SOURCE DATA:
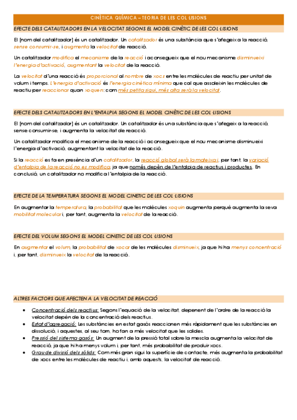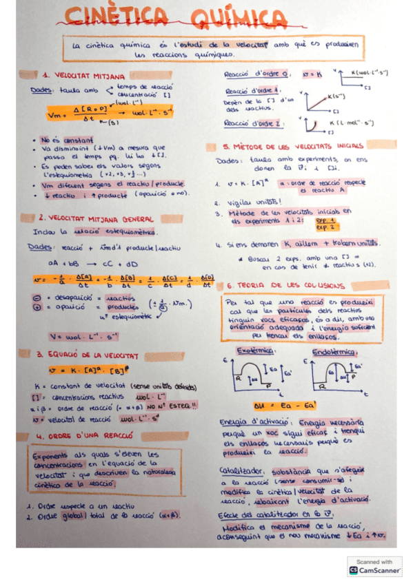 Esquemes i justificacions del temari de cinètica química per a les PAU 2026.
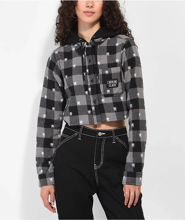 Lurking Class by Sketchy Tank Daggers Red & Black Crop Hooded Flannel Shirt
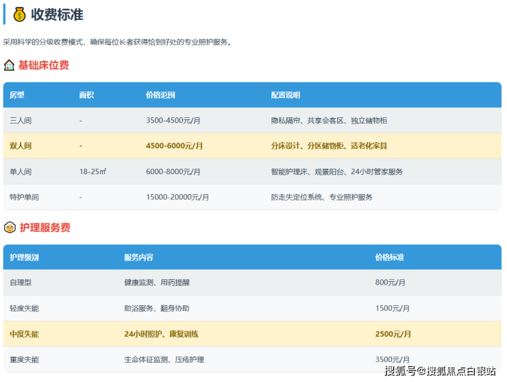 收费采用“基础费用+护理分级+增值服务”复合模式,月费区间为3500元-20000元,具体构成如下:

WHAT YOU ARE ASKED TO DO:
Give the data above back unchanged, except for the pictures.

OUTPUT FOR THIS TASK:
 Esquemes i justificacions del temari de cinètica química per a les PAU 2026.
 Lurking Class by Sketchy Tank Daggers Red & Black Crop Hooded Flannel Shirt
 收费采用“基础费用+护理分级+增值服务”复合模式,月费区间为3500元-20000元,具体构成如下:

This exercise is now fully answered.